Memory  /  Art History

The Great Illusion of Gettysburg

How a re-creation of its most famous battle helped erase the meaning of the Civil War.

"No person should die without seeing this cyclorama," declared a Boston man in 1885. "It's a duty they owe to their country." Paul Philippoteaux's lifelike depiction of the Battle of Gettysburg was much more than a painting. It re-created the battlefield with such painstaking fidelity, and created an illusion so enveloping, that many visitors felt as if they were actually there.

For all its verisimilitude, though, the painting failed to capture the deeper truths of the Civil War. It showed the two armies in lavish detail, but not the clash of ideals that impelled them onto the battlefield. Its stunning rendition of a battle utterly divorced from context appealed to a nation as eager to remember the valor of those who fought as it was to forget the purpose of their fight. Its version of the conflict proved so alluring, in fact, that it changed the way America remembered the Civil War.

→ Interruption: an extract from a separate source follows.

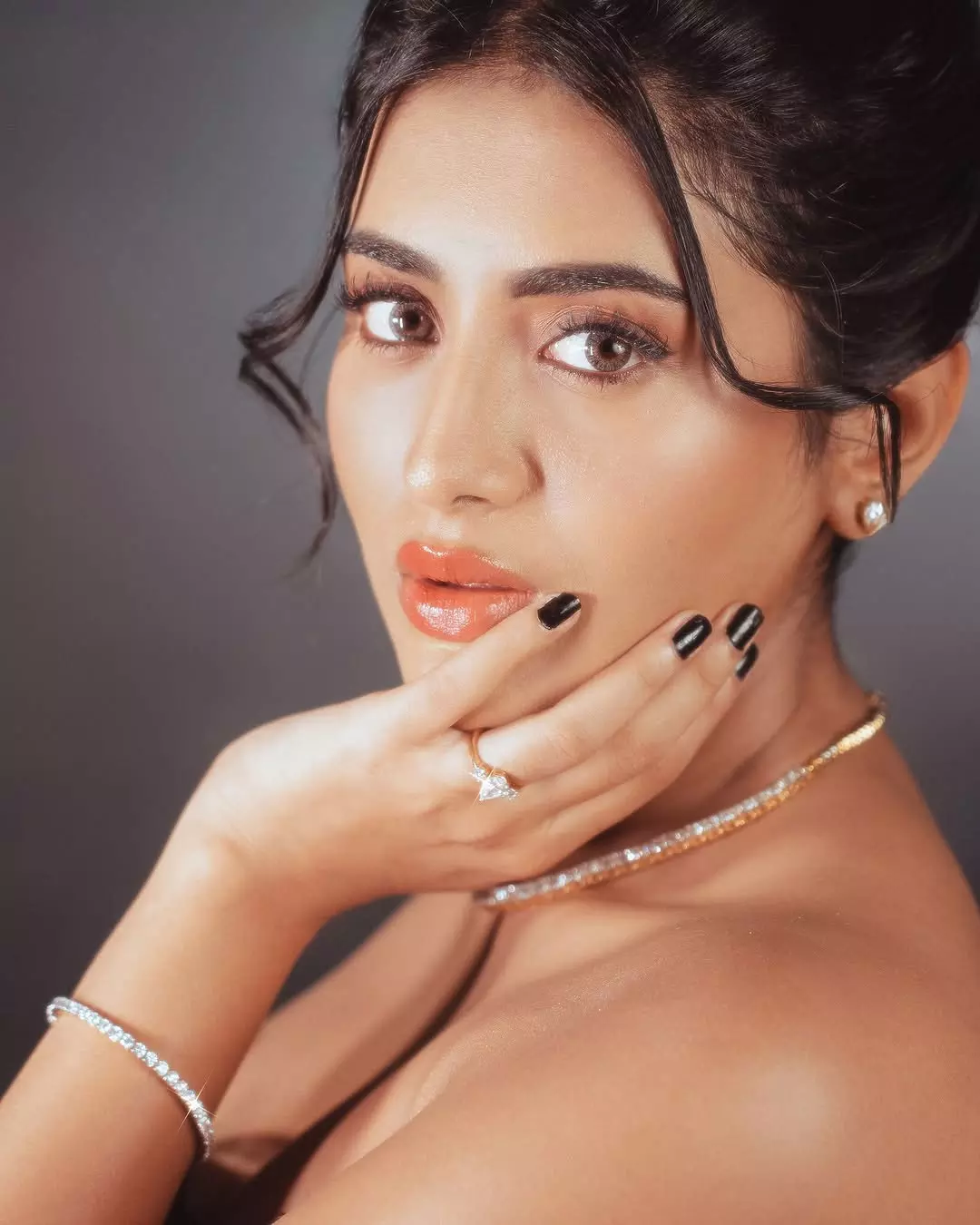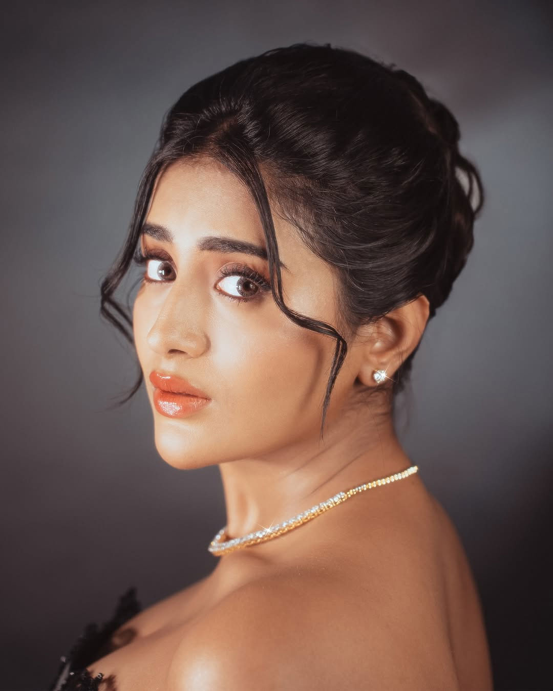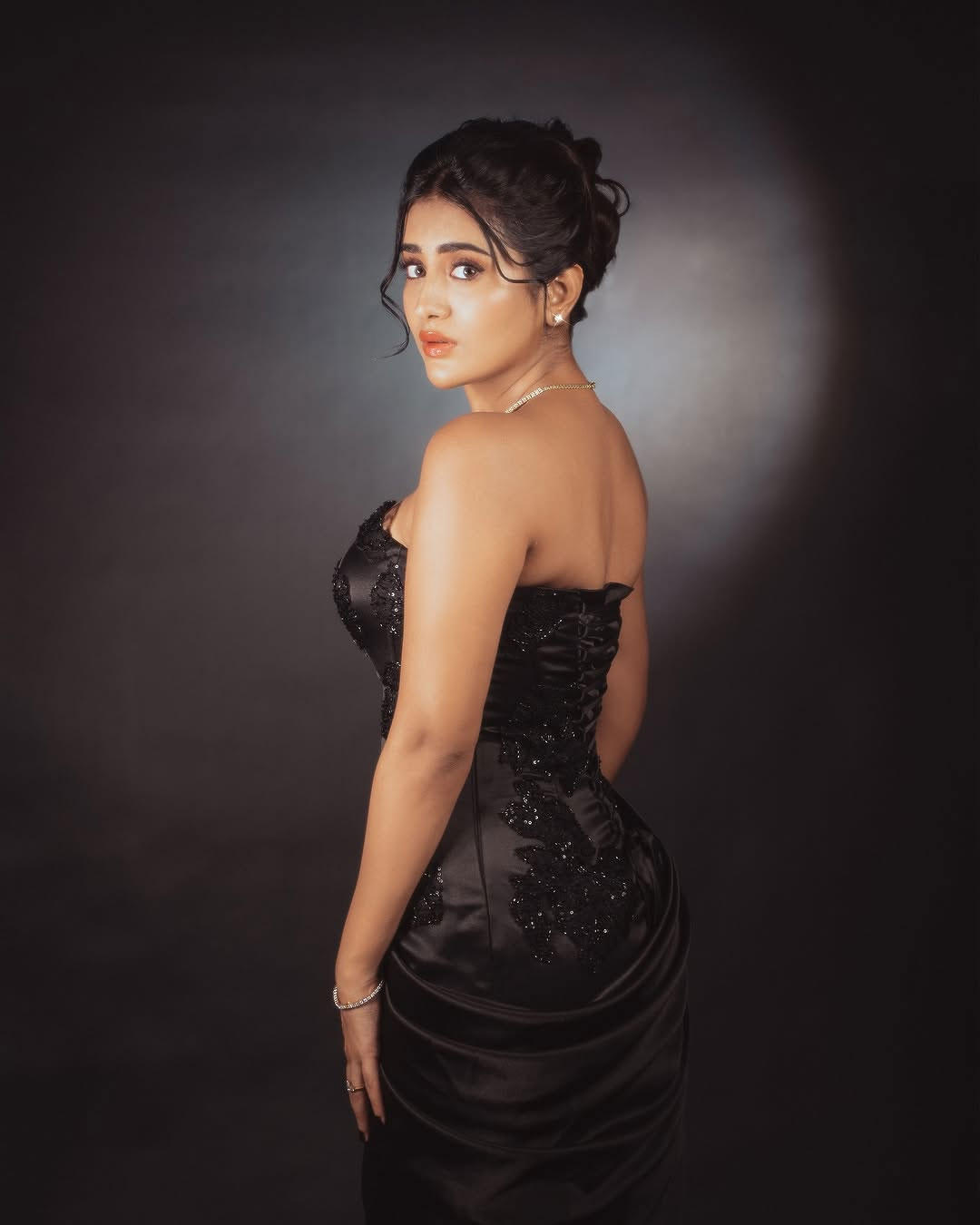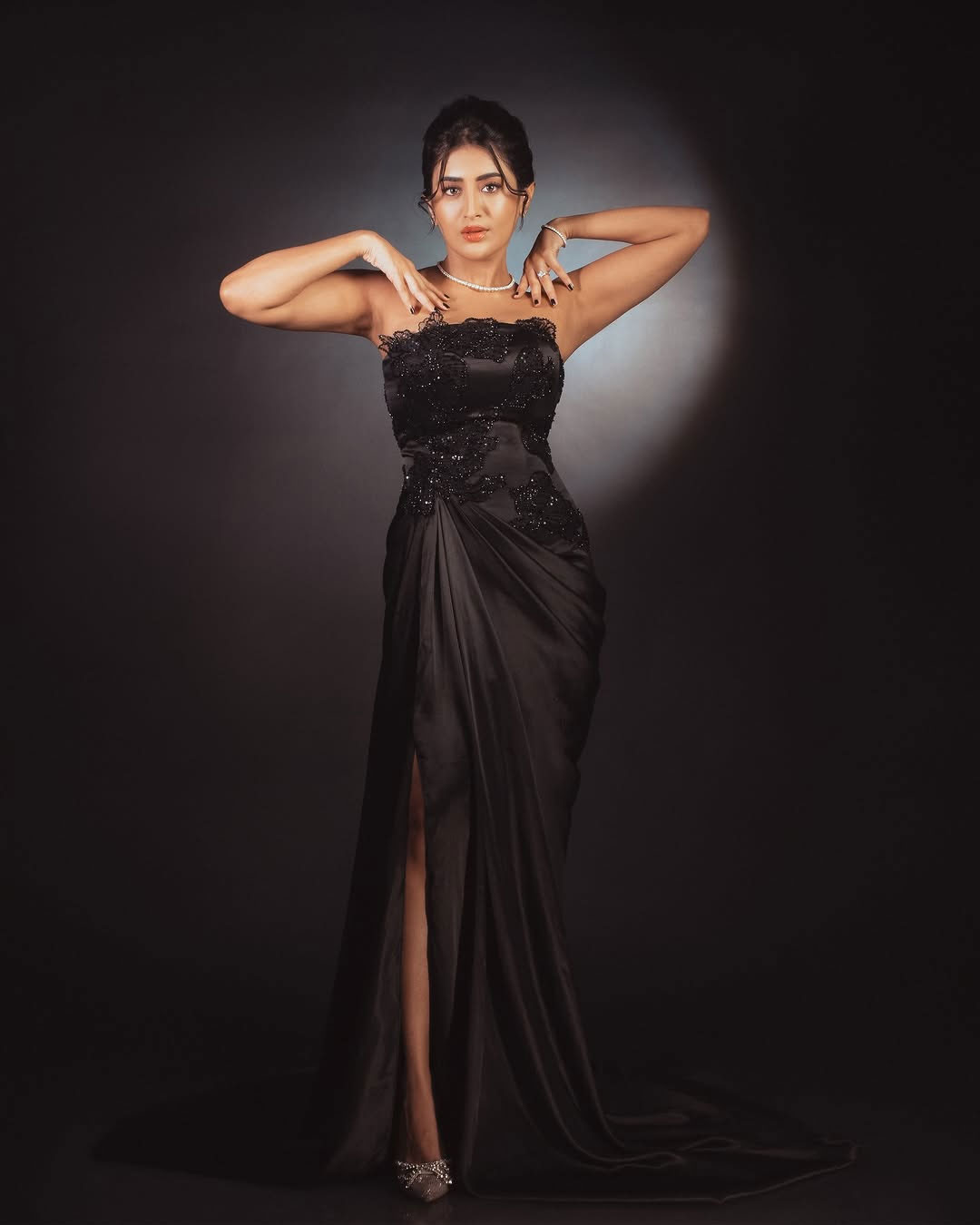 Her styling was done by @soigne-_official-_. She was assisted by @gnan-_u-_. The gown she wore was from @label-_natalia-_livingston. She added a touch of sparkle with jewellery from @aykaa.global. Her makeup was handled by @makeupbysidraayman. Her hairstyle was created by @hairby.aneesa. The pictures were captured by @tdf.studioz.

Cyloramas -- paintings wrapped around the interior of a rotunda, their foregrounds filled with props to create an impression of depth -- were a familiar sight in Europe throughout the 19th century. Philippoteaux, a French artist, had already painted a number of European battles when he was hired by a consortium of Chicago investors to apply his magic to Gettysburg. He spent months researching the clash and interviewing survivors, and even commissioned photographs of the landscape, before embarking upon the greatest challenge of his career. A team of artists labored for months in Brussels. The finished painting, unveiled in Chicago in 1883, weighed six tons and cost the investors $200,000. The same team produced three other versions, with only minor alterations, for display in Boston, New York, and Philadelphia.

Four hundred feet long. Fifty feet high. It was art on an astonishing scale. All four versions were housed in massive, purpose-built rotundas. In Boston, for example, visitors walked through a grand crenelated archway, paid for their tickets, and proceeded along a dark winding passage toward the viewing platform. They ascended a winding staircase to another time and place. "The impression upon the beholder as he steps upon this platform," one reviewer wrote, "is one of mingled astonishment and awe."

July 3, 1863. The Battle of Gettysburg rages on for a third day. From just behind Cemetery Ridge, visitors watched Pickett's Charge crash against the Union lines. There, in the distance! General Lee and his staff. Much closer, an artillery caisson explodes. All around, soldiers crouch, charge, level rifles, bare bayonets, fight, die.